There has recently been a series of papers in various journals, looking at the proportion of high-impact papers with women as lead authors. This article is a good starting point to track the discussion, and it is apparent that generally women are less represented in high-impact journals than would be expected based on the proportion of women academics and recipients of high profile grants. Here’s an extract of the article:
“We began by looking at first authors (…). We expected over 40 percent to be women, similar to the percentage of women postdocs in neuroscience in the U.S. and Europe. Instead, fewer than 25 percent first authors in the journals Nature and Science were women. Our findings were similar for last authors (…). We expected the numbers to match large National Institutes of Health grants, (…) 30 percent are awarded to women – comparable to the proportion of women tenure-track faculty in neuroscience. The proportion of women last authors was half what we expected – just over 15 percent of last authors in Science and Nature were women.”

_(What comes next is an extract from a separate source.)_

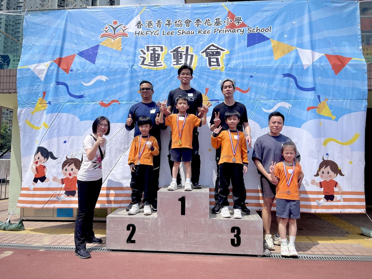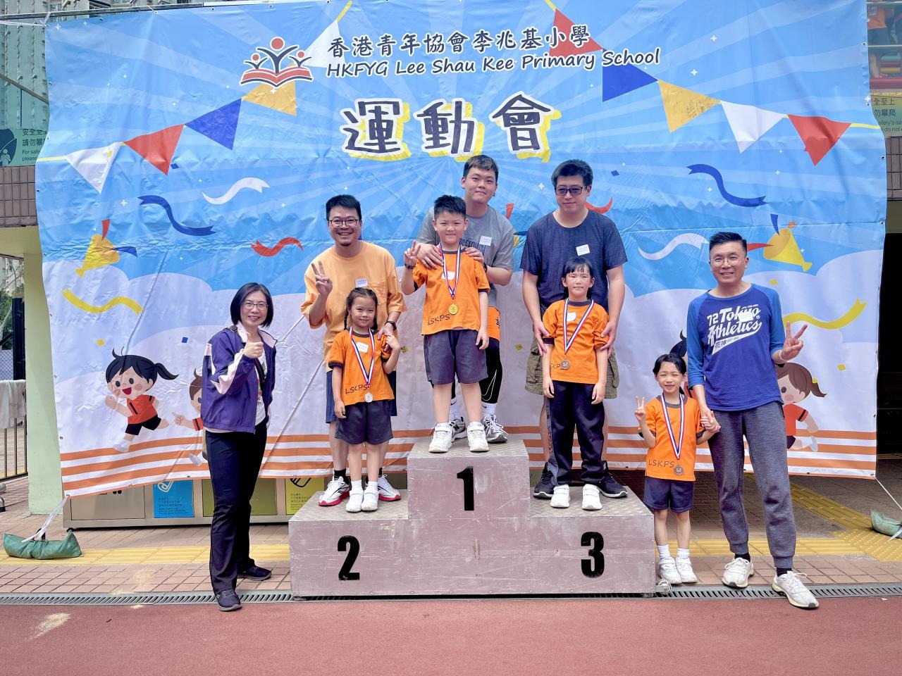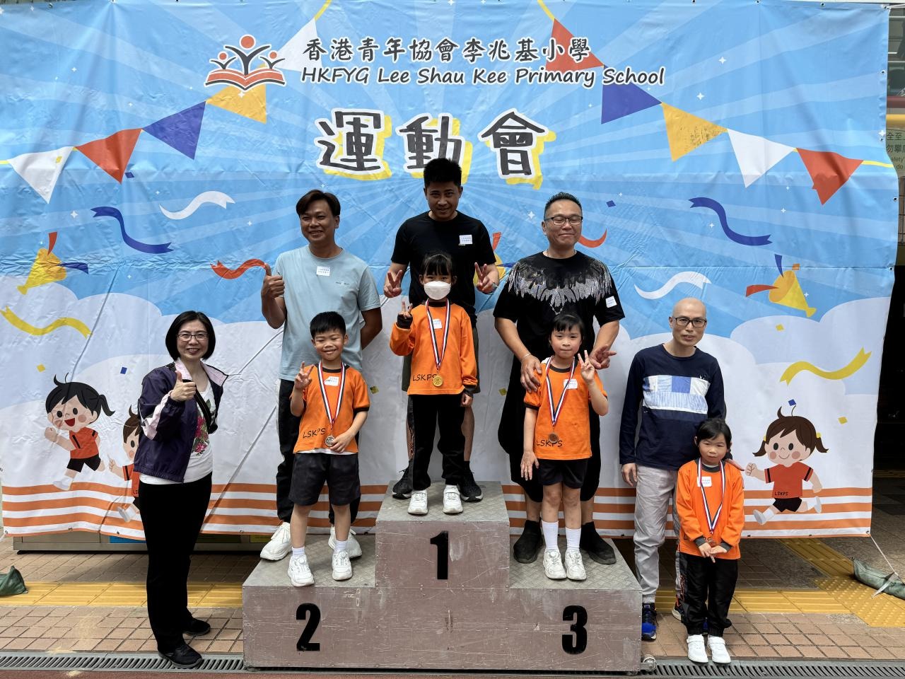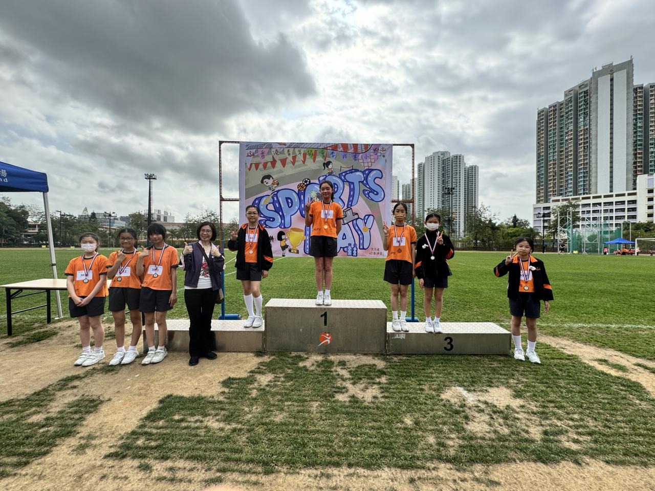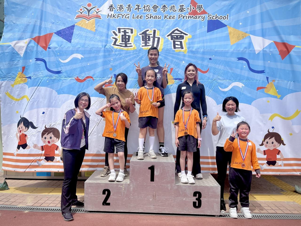 各班同學在看台上落力的打氣,令場外場內都充滿團結的氣氛﹗今次運動會的成功有賴不同單位的協助,包括本校的家長義工,
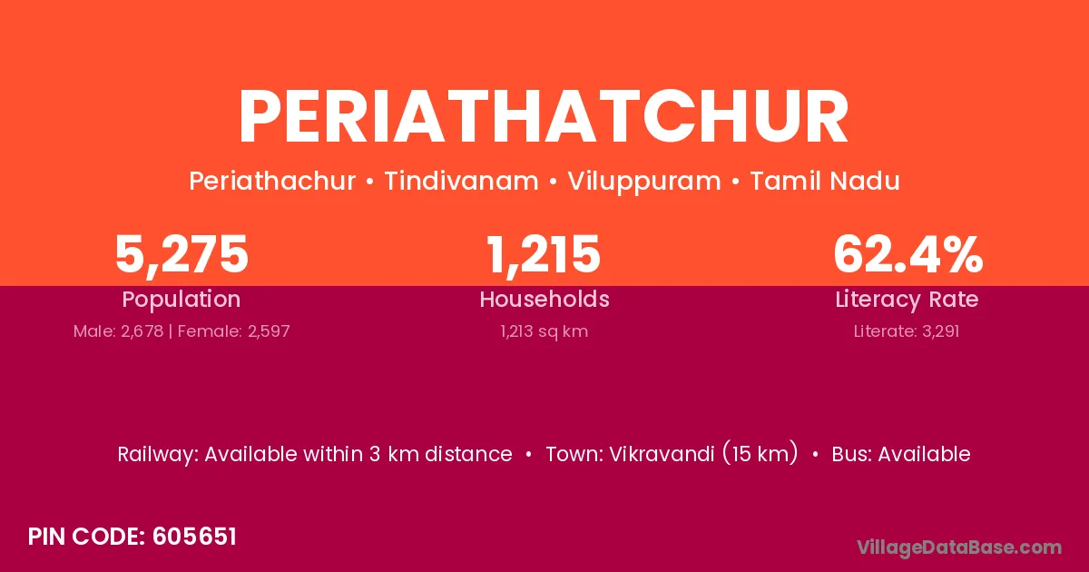 Vikravandi (15 km) is the nearest town to Periathatchur village for major economic activities and is located approximately 15 km away.

Potential reasons to explain include not only systemic bias in the publishing pipeline, but also a potential tendency for women to be more conservative when evaluating their chances of making it past the very high rejection rates of such journals. This last one has been raised in other contexts as well, but always sounds slightly circular to me. If women have less chance of making it into those journals due to implicit bias, then academically successful women quickly learn to avoid submiting to those journals to avoid delays in publishing their work.